There Griffin coerces a tramp, Thomas Marvel, to become his assistant. With
Marvel, he returns to the village to recover three notebooks that contain records
of his experiments. Marvel attempts to betray the Invisible Man, who threatens to
kill him. Marvel escapes to the seaside town of Port Burdock, pursued to a local
inn by the Invisible Man, who is shot by one of the bar patrons. To Kemp, he
reveals his true identity.
Griffin tells Kemp the story of how he invented chemicals capable of rendering
bodies invisible.

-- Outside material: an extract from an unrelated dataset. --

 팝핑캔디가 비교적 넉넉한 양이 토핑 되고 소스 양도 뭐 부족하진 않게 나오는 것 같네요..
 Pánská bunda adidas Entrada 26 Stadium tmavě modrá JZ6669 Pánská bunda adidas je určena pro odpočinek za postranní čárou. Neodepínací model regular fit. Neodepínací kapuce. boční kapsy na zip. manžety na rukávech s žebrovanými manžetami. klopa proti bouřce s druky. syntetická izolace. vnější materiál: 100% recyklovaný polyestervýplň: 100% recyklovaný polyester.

He now imagines that he can make Kemp his secret confederate,
describing a plan to use his invisibility to terrorize the nation.
Kemp has already denounced Griffin to the local authorities, led by Port Burdock's
chief of police, Colonel Adye, and is waiting for help to arrive as he listens to this
wild proposal. When Adye and his men arrive at Kemp's house, Griffin fights his
way out and the next day leaves a note announcing that Kemp himself will be the
first man to be killed in the "Reign of Terror". Kemp, a cool-headed character,
tries to organize a plan to use himself as bait to trap the Invisible Man, but a note
that he sends is stolen from his servant by Griffin. During the chase the invisible
Griffin arms himself with an iron bar and kills a bystander.

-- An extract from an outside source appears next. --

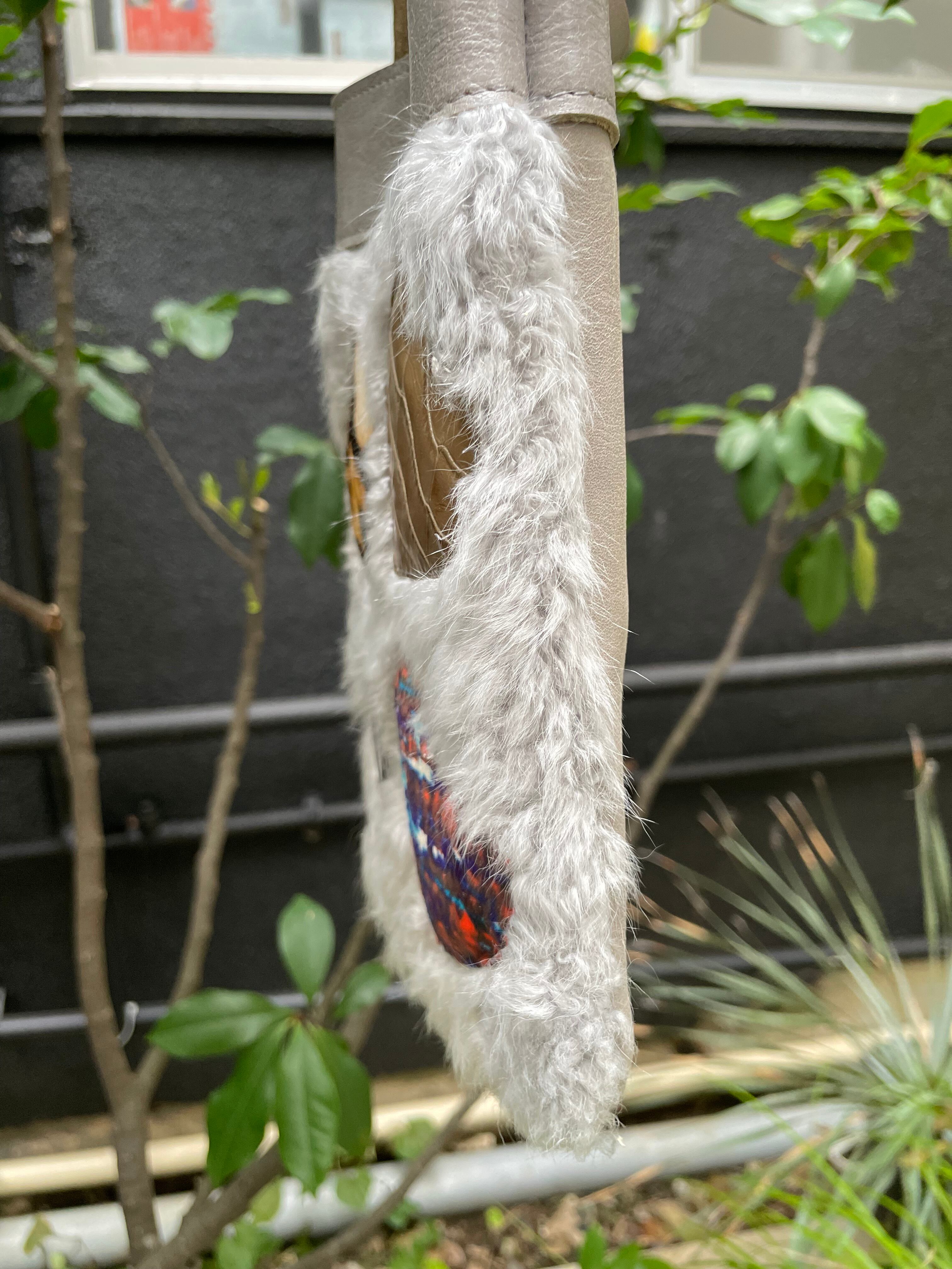 ハラコと牛革をハートのパッチワーク切って乗せました

Griffin shoots Adye, and then breaks into Kemp's house. Adye's constables fend
him off and Kemp bolts for the town, where the local citizenry come to his aid.

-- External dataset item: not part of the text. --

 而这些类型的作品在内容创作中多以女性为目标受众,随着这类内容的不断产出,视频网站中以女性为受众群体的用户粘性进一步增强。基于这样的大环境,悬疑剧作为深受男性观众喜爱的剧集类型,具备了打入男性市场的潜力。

Still obsessed with killing Kemp, Griffin nearly strangles the doctor but he is
cornered, seized, and savagely beaten by the enraged mob, his last words a
desperate cry for mercy. The Invisible Man's battered body gradually becomes
visible as he dies, pitiable in the stillness of death.
5) Review
The Invisible Man by H.G. Wells is a science fiction classic written in 1897. The
novella was first serialized in Pearson's Weekly the same year it was published.
Griffin is a scientist who devotes himself to the field of optics. While working in his
research Griffin discovers that he can make things invisible. The scientist uses
himself as his first experimentation subject but fails to reverse the process. After
his friend betrays him, Griffin decided to murder him and begins his own personal
"reign of terror".
What if what you consider a blessing is also a curse? The Invisible Man by H.G.
Wells touches on this very same question.
There are some positives aspects, but H.G. Wells concentrates mostly on the
negative ones. I thought Wells did a good job building up the eerie atmosphere
that is prominent throughout the story. The story itself is also quite funny, I
thought and many of the scenes played in my mind as slapstick.
However, one could certainly tell that Wells is a master storyteller, and I find
myself engrossed in the story for several chapters.
The Invisible Man is the ultimate story of an insane anti-hero, before insane anti-
heroes became popular. Griffin himself becomes more and more pathetic as the
story progress and from the comical start Wells moves away to a darker, subtle
satire of small minds in small towns can be just as dangerous as any psychopath.